Continuing Education Activity
Benzathine penicillin is formulated from two penicillin G molecules reacting with diphenylethylene diamine. It is active against gram-positive bacteria, including beta-hemolytic streptococci (groups A, B, C, G, H, L, and M) as well as Treponema pallidum and T. carateum. There has been no reported resistance to benzathine penicillin in Streptococcus pyogenes. This activity outlines the indications, mechanism of action, administration, adverse effects, and contraindications when using benzathine penicillin.
Objectives:
- Identify the approved indications for benzathine penicillin.
- Summarize the mechanism of action of benzathine penicillin.
- Review the potential side effects of benzathine penicillin.
- Explain interprofessional team strategies for improving care coordination and communication to advance appropriate clinical outcomes with benzathine penicillin leading to optimal patient outcomes.
Indications
Benzathine penicillin is formulated from two penicillin G molecules reacting with diphenylethylene diamine. It is active against Gram-positive bacteria, including beta-hemolytic streptococci (groups A, B, C, G, H, L, and M) as well as Treponema pallidum and T. carateum. There has been no reported resistance to benzathine penicillin in Streptococcus pyogenes.[1][2][3][4][5]
Benzathine penicillin is FDA-approved to treat the following:
Adult
1. Upper respiratory infection, group A streptococci
- Secondary prevention of glomerulonephritis
- Secondary prevention of rheumatic fever
2. Pharyngitis, group A streptococci (Infectious Diseases Society of America [IDSA] guidelines)
- Acute and chronic carrier treatment
3. Syphilis (CDC)
- Primary, secondary, and early latent (less than 1-year duration)
- Late latent, latent with unknown duration, or tertiary syphilis (with normal cerebrospinal fluid examination)

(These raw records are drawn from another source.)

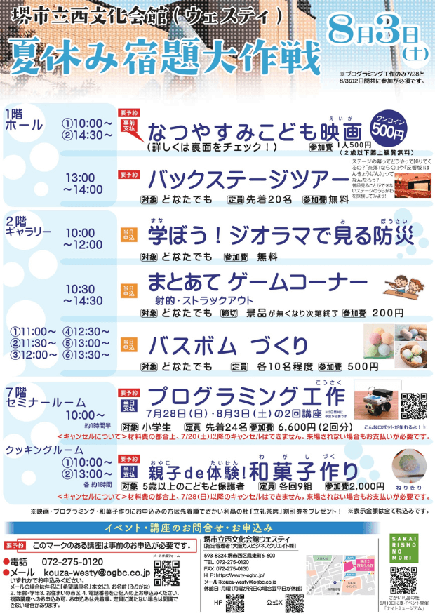 堺市西区・堺市立西文化会館(ウェスティ)にて、8/3(土)に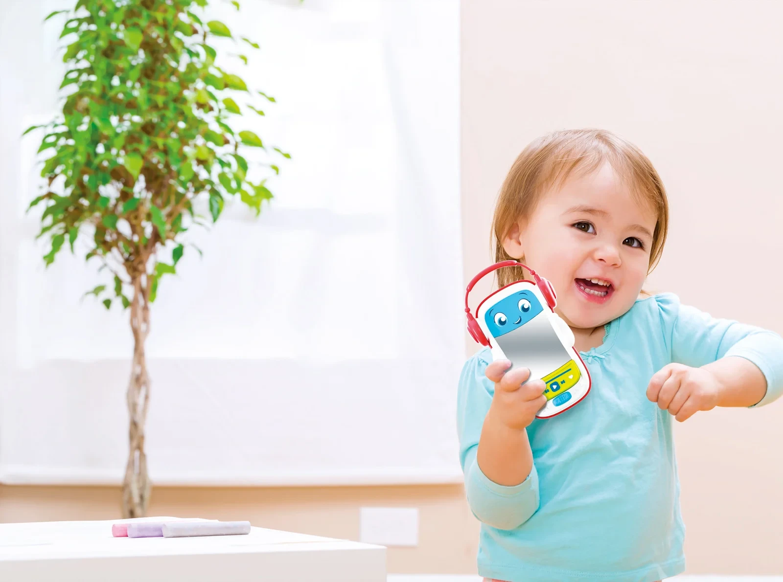 Môj prvý hudobný prehrávač je interaktívna hračka so svetelnými efektmi a bezpečným zrkadlom, ktorá podporuje prirodzenú napodobňovaciu hru už od útleho veku.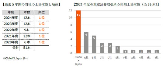 大和証券グループのGlobal X Japan株式会社(東京都千代田区、代表取締役社長 藤岡 智男。以下「当社」)は、このたび東京証券取引所への新規上場本数が5年度連続で1位となったことをお知らせします。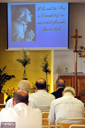 On Wednesday, 4th August, 2010, Archbishop Paul Cremona O.P. participated, together with the parish priests of Malta, in the celebration, held at Mtarfa, on the Feast of St. John Maria Vianney, Patron Saint of Parish Priests. This celebration, held annually, included a presentation on the life of the Saint, time dedicated to reflection and adoration of the Blessed Sacrament. Three lay persons involved in parish work exchanged experiences.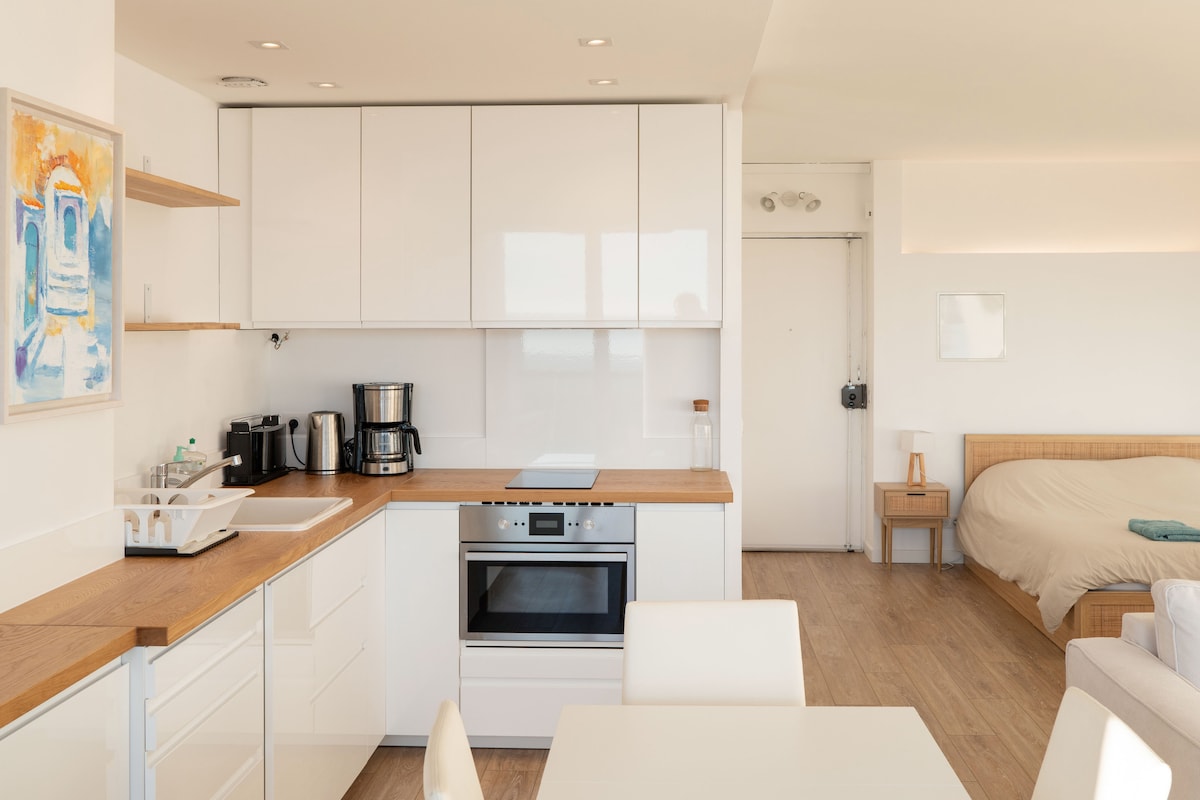 Perched high above the ground floor and overlooking the bay of Marseille, this sophisticated and cozy 1 bedroom studio apartment in the center of the city provides the perfect blend of urban convenience and natural beauty. As Marseille apartments go, this generous, air-conditioned space is at the summit of Airbnb options in the region, offering all-day sunlight and endless sea and mountain views.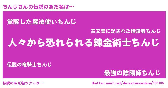 | 意味不明あだ名 | 『住所不定無職ちんじ(71歳)』 |
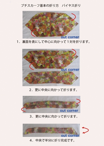 プチスカーフ折り方 バイアス折り 1.裏面を表におきます。中心に向かって1対を折ります。 2.更に中央に向かって折ります。 3.更にもう一度、中央に向かって折ります。 4.中央で半分に折り返して完成です。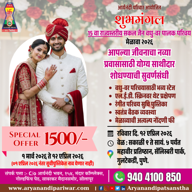 आर्यनंदी एज्युकेशन अँड रिसर्च फाउंडेशन आयोजित, राज्यस्तरीय शुभमंगल सकल जैन समाज वधू-वर पालक परिचय मेळावा 2025, रविवार दिनांक 17/08/2025 रोजी सोलापूर शहरातील मयूर क्लासिक मल्टीपर्पस हॉल, इंचगिरी मठ जवळ, विजापूर रोड, सोलापूर येथे अतिशय भव्य- दिव्य पद्धतीने पार पडला.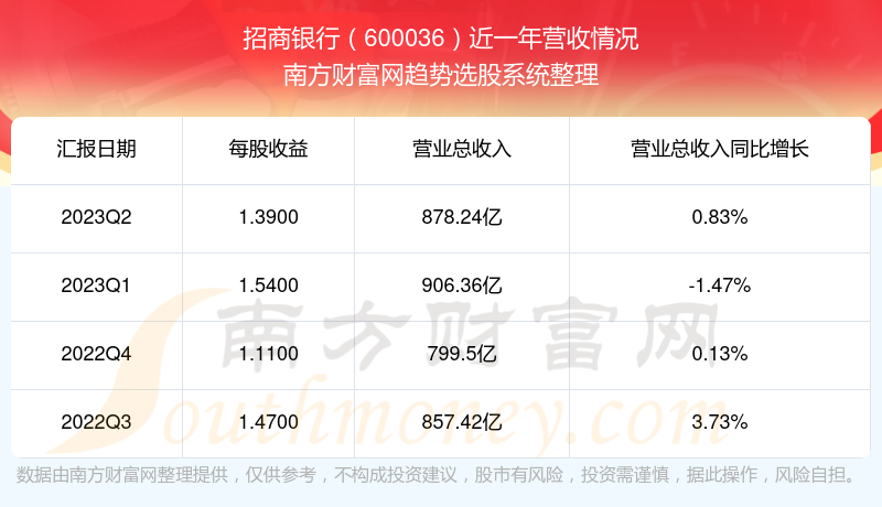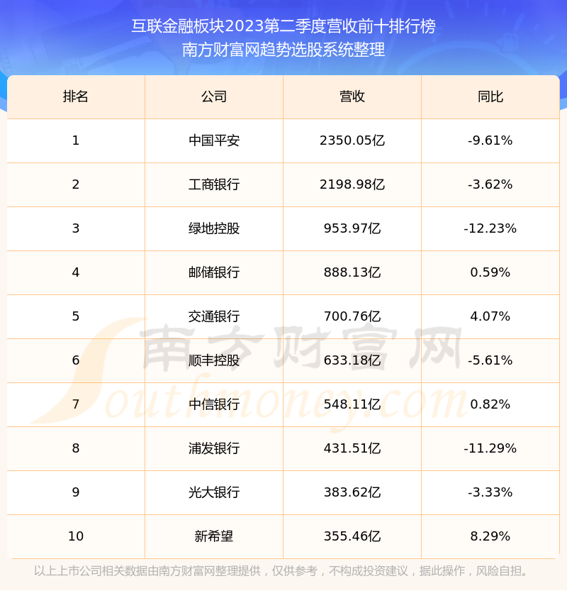 按照南方财富网趋势选股系统统计,该股所属板块为互联金融板块,该板块共有238只股票,招商银行2023第二季度营收在该板块中排名为第238名,该板块2023第二季度营收排名前十的股票如下表:
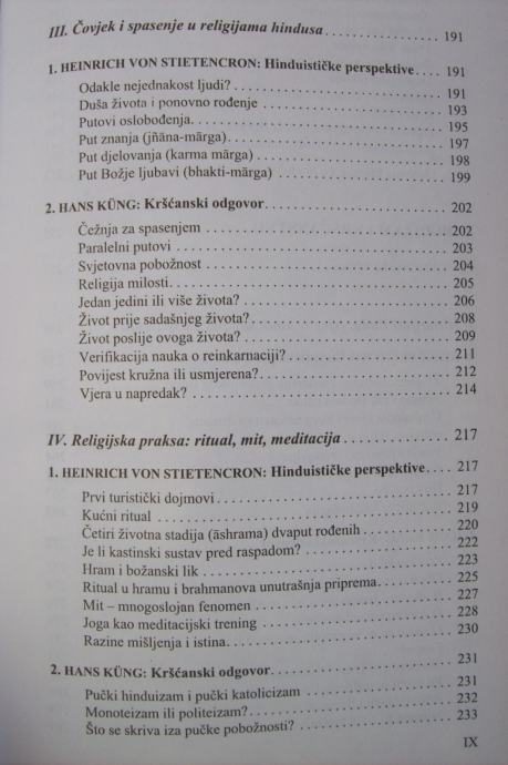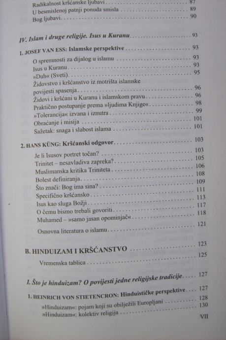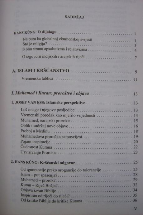 U ovoj knjizi Hans Küng govori o potrebi širenja obzora razumijevanja i obaviještenosti među religijama. Nadalje govori da će uzajamna informacija, uzajamna diskusija i uzajamna transformacija dovesti do uzajamnoga kritičkog rasvjetljavanja, poticanja, prožimanja i obogaćivanja različitih religijskih tradicija.

- Neurosyphilis, including ocular syphilis (not indicated for use)
4. Yaws, bejel, and pinta
Pediatric
1. Upper respiratory infection, group A streptococci (e.g., pharyngitis)
2. Primary prevention of rheumatic fever
3. Secondary prevention of rheumatic fever
4. Pharyngitis, group A streptococci (IDSA)
- Acute and chronic carrier state
5. Syphilis (off-label population) (CDC)
- Primary, secondary, and early latent (less than 1-year duration)
- Late latent
FDA Labeled Indications
- Acute glomerulonephritis
- Respiratory tract infections
- Rheumatic fever and chorea
- Rheumatic heart disease
- Syphilis and another venereal disease
Mechanism of Action
Benzathine penicillin is in a class of beta-lactam antimicrobials. Beta-lactams are bactericidal antimicrobials. This type of antimicrobial inhibits the biosynthesis of the cell wall peptidoglycan during the stage of active multiplication. It inhibits bacterial peptidoglycan transpeptidase. This results in an osmotically unstable cell wall, leading to cell wall lysis, subsequent destruction of the bacterial cell, and bacterial cellular death.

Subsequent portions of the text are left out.